自己目的化の意味・例文・類語をわかりやすく解説!

先日、教師をしている知り合いが「英語の試験は、英語力を身に付けるために作られたのに、いつの間にか、良い点数を取ることが自己目的化して、英語の実力が伸びなくなっているよね」と嘆いていました。

その時、「自己目的化」という言葉が心に引っ掛かりまして・・・

そこで、今回は「自己目的化」の意味、例文、そして類語についてわかりやすく解説をしていきます。

「自己目的化」の意味

「自己目的化」とは、ある目的を達成するための手段や行動そのものが、いつの間にか目的にすり替わってしまっていることを意味します。

そして、そのような事態が発生すると、本来、果たそうとした目的とは違った方向へ進むことになり、様々な矛盾した結果を引き起こすようになります。

「自己目的化」の例文・使い方

会社から、残業時間を減らすように言われているけれども、これは簡単じゃないと思うなあ。

次郎

太郎

元々、残業はたまった仕事を早く処理するために、行うものだったけれども、今は、残業代を稼ぎたい人が増えて、残業自体が自己目的化しているからね。

という感じで「自己目的化」は使われたりしますが、他にもこういった使い方があります。

「自己目的化」の事例をチェックする上でもご参考にして下さい。

「自己目的化」の例文1

「新しく赴任した学長は、自己目的化していた細かい校則を撤廃し「学生よ、紳士淑女たれ」という精神を徹底化させた。」

この例文は、北海道大学の前身である札幌農学校のクラーク学長が、「この学校に校則はいらない。“Be gentleman(紳士であれ)”の一言があれば十分である」という言葉から作ったものです。

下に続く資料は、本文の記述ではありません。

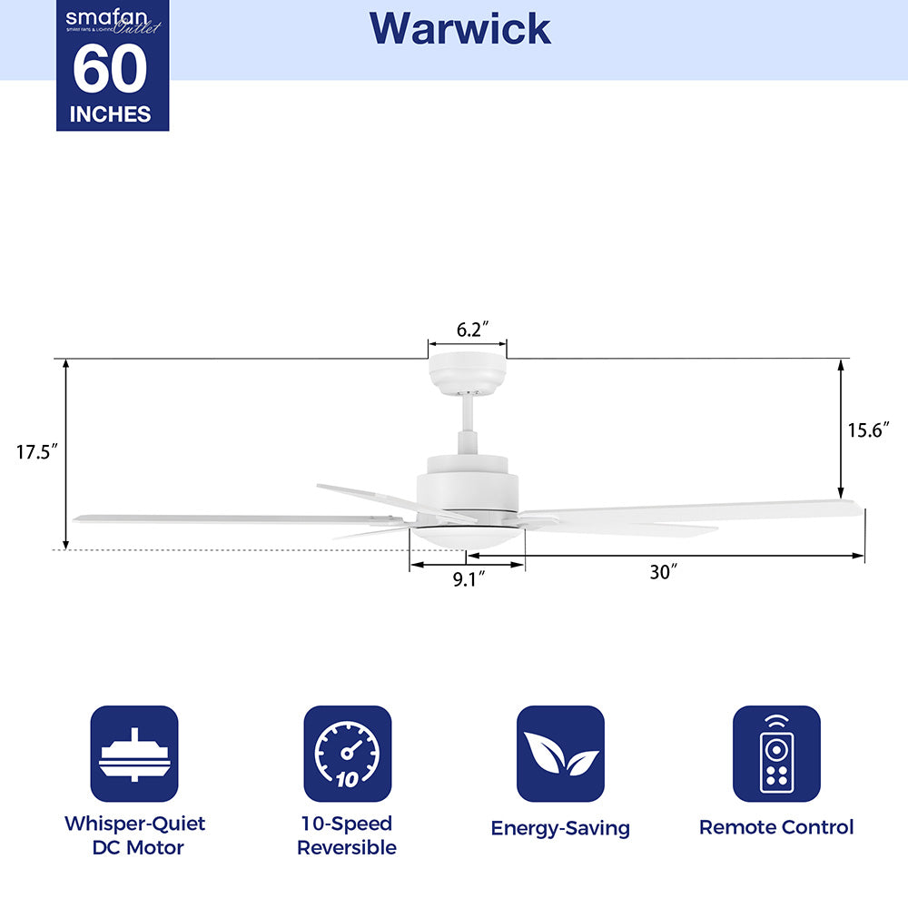Warwick Modern Ceiling Fan with Remote 60 inch No Light
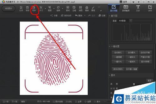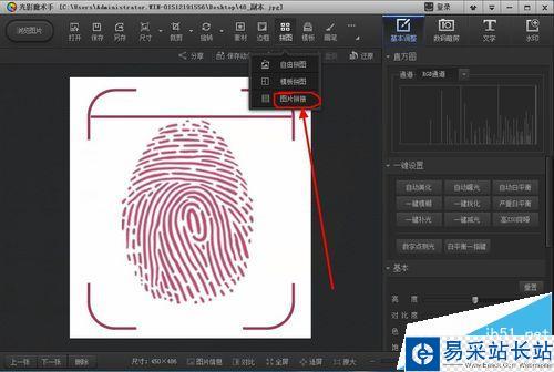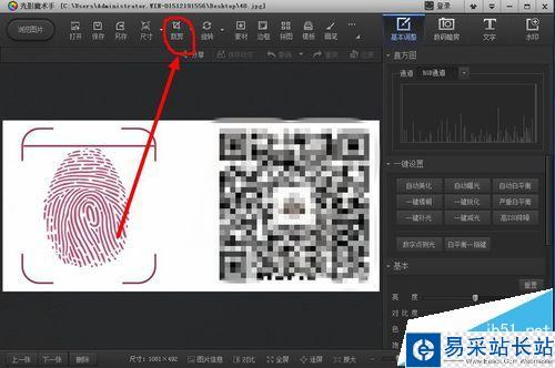 2、點擊上面的裁剪功能,然后把指紋這部分裁剪下來
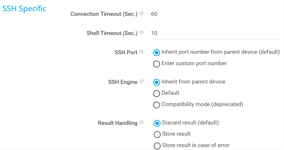 Inherit from parent device (default): Use the SSH engine that you defined in the parent device settings or higher up in the object hierarchy. If you have not changed the SSH engine, this is the recommended option.
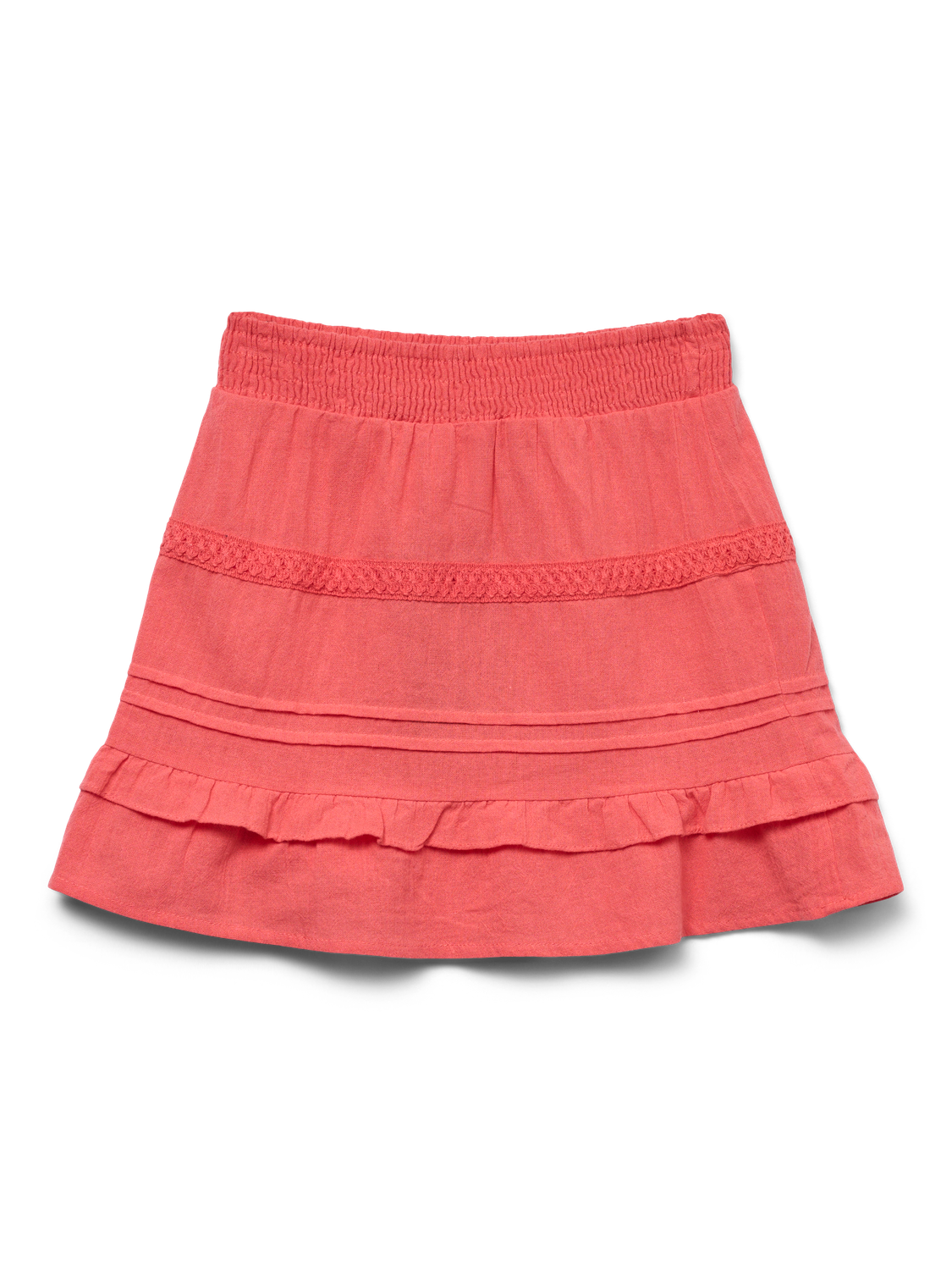 VMPRETTY kort skjørt fra Vero Moda Girl er et stilrent og komfortabelt valg for varme dager. Laget av 100% økologisk bomull, gir dette skjørtet både stil og bærekraft. Den delikate fargen Dubarry tilfører en feminin touch til antrekket.
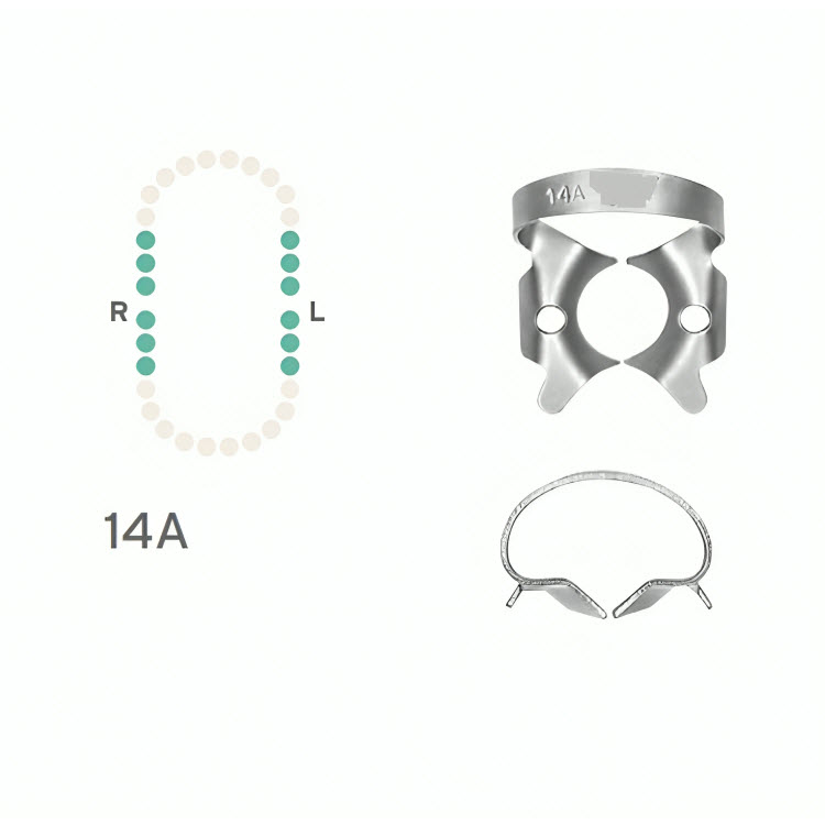 The Rubber Dam Clamp #14A is an essential tool for dental professionals working with partially erupted or irregular molars. Its secure stabilization and enhanced isolation capabilities make it ideal for a variety of dental procedures, ensuring optimal access and treatment efficacy.

校則が自己目的化すると、校則を守る事が自体に心を奪われ、学生らしい生活を送るという本来の目的が失いがちになってしまいますよね。

「自己目的化」の例文2

「今の教育は、受験が自己目的化し、志を持った優秀な人材が育ちにくくなっている」

試験制度は、自己目的化の事例としてよく挙げられます。

受験制度は、その人の実力を測るための一つの手段に過ぎないはずなのですが、「試験で良い点数さえ取れれば良い」と思って勉強する人は実に多いです。

ただ、そういった習慣を改めることも簡単ではないのですが・・・

「自己目的化」の例文3

「最低賃金を上げることが自己目的化して、逆に失業者が増える結果となってしまった。」

本来、最低賃金を上げることは、それによって、働く人を経済的により豊かにするために手段として行われるものです。

しかし、景気が悪い中で、最低賃金を上げることにこだわり過ぎてしまうと、逆に、雇用主が、雇用を控えるようになり、失業者が増えてしまうという逆の結果を招くことになってしまいます。

「自己目的化」の例文4

「彼は、お金を稼ぐことが自己目的化し、結果的に家庭が崩壊してしまった。」

お金を稼ぐことは、本来、幸せな生活をするために必要な手段であるはずです。

しかし、お金を稼ぐことが自己目的化し、何よりもお金を稼ぐことが最優先されてしまうと、仮にお金を稼ぐことが出来たとしても、大切なものを失ってしまうことにもなり兼ねません。

「自己目的化」の例文5

肥満体質を改善するために始めたダイエットだったが、自己目的化する中で、食生活が乱れ、体調が崩れてしまった。

ダイエットは本来、余分な体重を落として、より健康になるために行うものです。

しかし、中には、ダイエットのためのダイエットになってしまって、極度に食事制限をしたりして、不健康になってしまう人もいます。

これでは、むしろダイエットをしない方が良いという話になってしまいますよね。

「自己目的化」の類語

「自己目的化」には以下のような類語があります。

「本末転倒」

「本末転倒」とは、物事の根本的なことと、そうでもないことを取り違えることを意味します。

根本的なことを目的、そうでもないことを手段として考えると、自己目的化と同じように使うことが出来ます。

「手段の目的化」

「手段の目的化」とは、本来の目的以上に手段そのものを目的としてしまう状況を意味します。

「自己目的化」と同じ意味として使うことが出来ますが、「手段の目的化」と言った方が、分かりやすいかもしれませんね。

「軸がぶれる」

「軸がぶれる」は、物事の本質からズレるという意味です。

軸がぶれる状態が、ひどくなると「自己目的化」されてしまうことがあります。

まとめ

「自己目的化」は、ある目的を達成するための手段が、いつの間にか目的にすり替わることを意味しますが、少し分かりづらい表現だと感じる方もいらっしゃるかと思います。

ですから、そういった場合は、「本末転倒」などの類語とセットで覚えておくと良いでしょう。